— Давай, засранец! Шевелись! Жопу двигай свою! — (Водитель нервно озирается и наконец трогает с места.) — Видал ишака? Не иначе, турист — и наверняка из Чикаго… Да, люблю я этот город. Ну, то есть не люблю, но это единственное место, где мне хочется жить. Нигде больше я бы писать не смог. Надеюсь, тут и умру. Ну не прямо сейчас, а, может, когда мне стукнет восемьдесят. Нормальный же возраст. Выходит, у меня еще четверть века. Я много всякого могу написать за двадцать пять лет. Хорошо сегодня, скажи? У меня такое чувство, что до восьмидесяти могу и дотянуть. У меня непорядки с желудком, печень перегружена, а мой геморрой грозится захватить власть над миром, но какого черта! Я до того мерзкий, что может и получиться.
Мы доезжаем до «Пайонир чикен» и заказываем два ужина с креветками. Садимся за столик на улице, едим креветок и размокшую картошку, и Буковски впадает в задумчивость, без понуждения с моей стороны говорит о своем прошлом, размышляет о том, как подействовали на него отцовские побои, вспоминает дни скитаний. Пьяный, усталый и взлохмаченный, пялится на молодую парочку, что проходит мимо, и признается:
— Знаешь, я всю жизнь чувствовал себя как-то нереально и странно. Я никогда с людьми не мог. Всегда был сукиным сыном, вечно говорил что-то не то, и людям от этого бывало худо.
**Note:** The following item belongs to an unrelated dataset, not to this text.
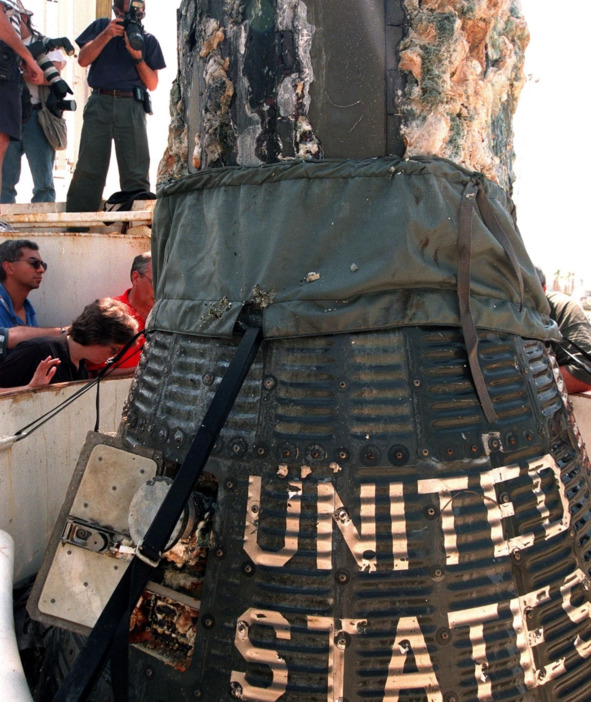 Даже длительное нахождение в воде не сильно изменило белую надпись на аппарате Гриссома, которая однозначно опровергает реальность этого «пилотируемого полета».
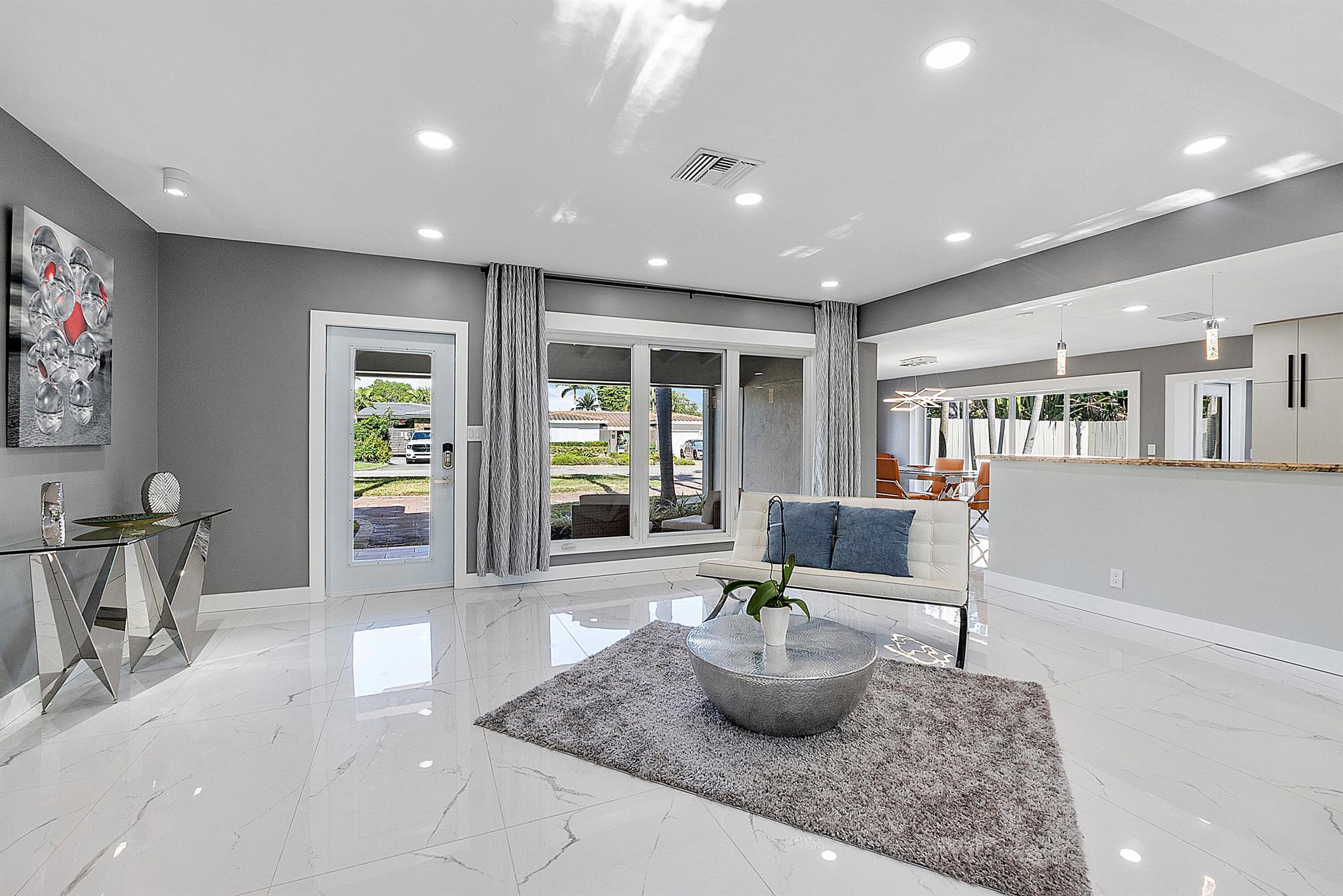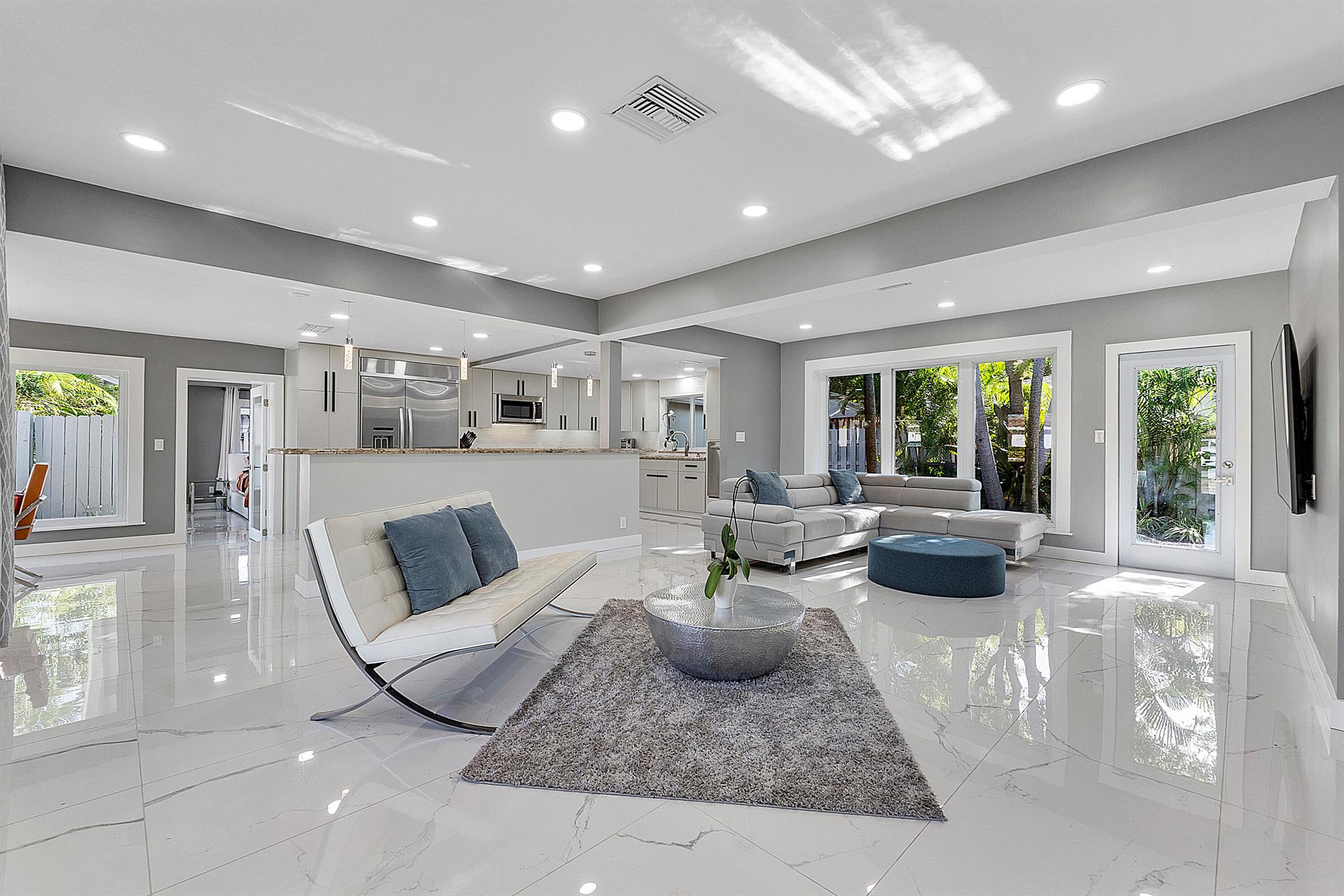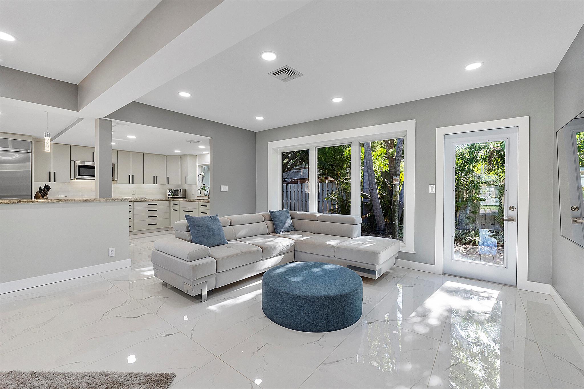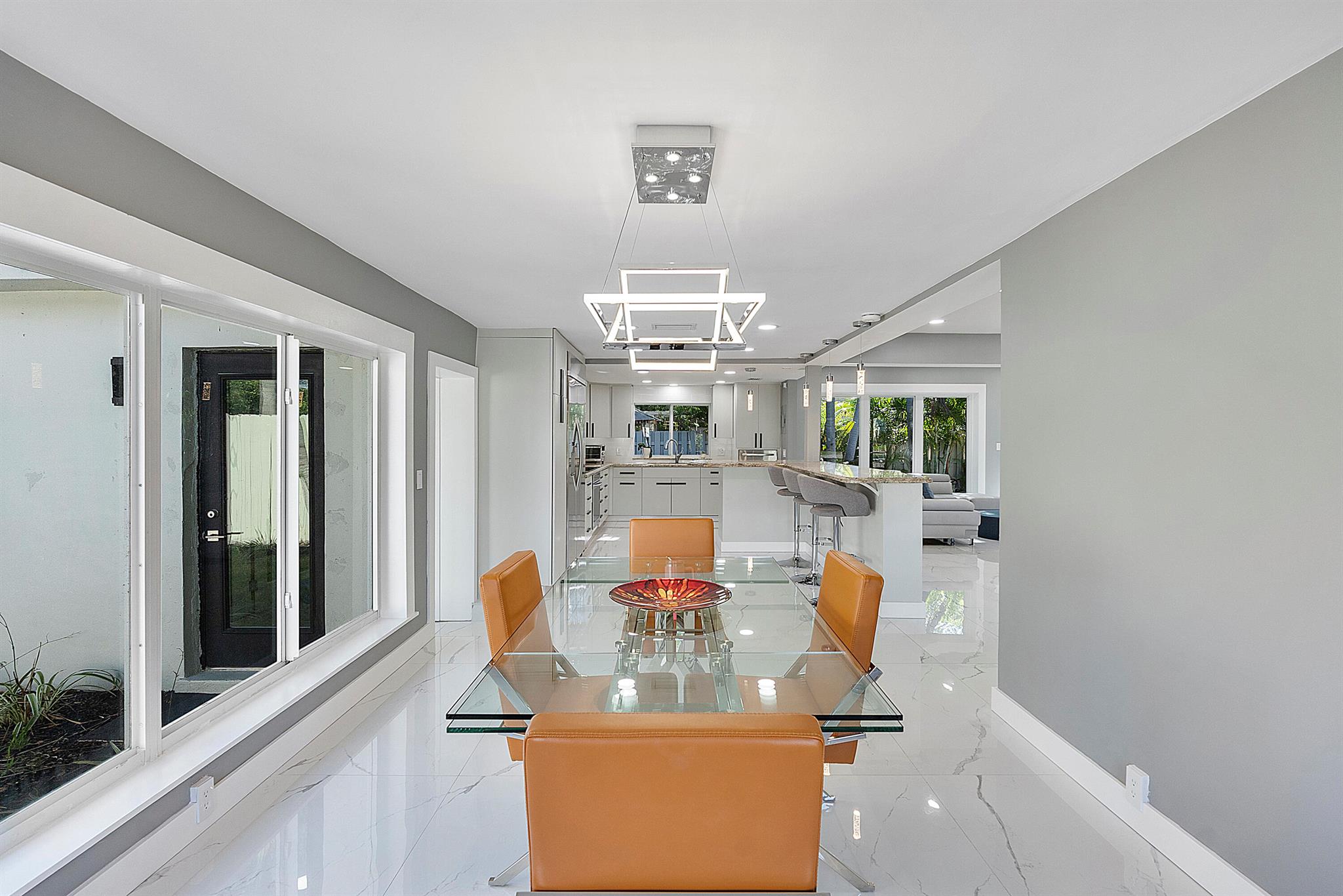 Welcome to your dream oasis in Poinsettia Heights! This rare gem sits on a DOUBLE corner lot spanning 10,495 sqft! Completely renovated & permitted with abundant natural light through PGT impact windows & sliders. Enjoy split, open floor plan & kitchen with upgraded induction cooktop & stainless steal appliances - including wine cooler. Home includes a versatile den - perfect for a home office or fitness room. Enjoy LED lighting, Euro fixtures & tankless water heater and worry free PVC plumbing. Dining room overlooks a serene garden, while the HUGE backyard serves as a private tropical paradise including large Tiki hut, ample entertaining space & a magnificent 15x30 saltwater chlorinated, heated pool with newer pump and heater. Roof installed in 2016! Live your ultimate Florida lifestyle!

Иногда мне кажется, что на самом деле я не от мира сего. — (Пауза.) — Я говорю, что люди мне не нравятся, но с ними я как-то подзаряжаюсь. Бывало, сидел в старой квартире у открытого окна, печатал и смотрел на тротуар, где люди ходят. И вставлял этих людей в свою писанину. Может, теперь, когда на меня свалился какой-то успех, я могу расслабиться и изредка говорить людям что-то приятное, а то что? я как мудак? — Он замолкает, смотрит на меня, хочет продолжить, затем передумывает; быть может, ему кажется, что и так слишком много сказал. Задумчивость проходит. — А, черт, давай креветок есть и смотреть, как девки мимо ходят.
Мы едем обратно, и он паркуется на улице возле своего бунгало. На тротуаре мы жмем друг другу руки.
— Слушай, парнишка, — говорит он, — у меня нет друзей, но есть знакомые. Так что ты теперь — знакомый.
— Буковски, — отвечаю я, — вы неплохой парень — для мудака то есть.
Он смеется, качает головой и уходит к своей квартире и своему одиночеству.
Фолкнер, Хемингуэй, Мейлер… И теперь еще Буковски?! 1978
Один из эксцентричных новых святых в литературе XX века.
Лучшее, что случилось с Америкой после Фолкнера и Хемингуэя.
Лучшее, что случилось с американской литературой после Нормана Мейлера.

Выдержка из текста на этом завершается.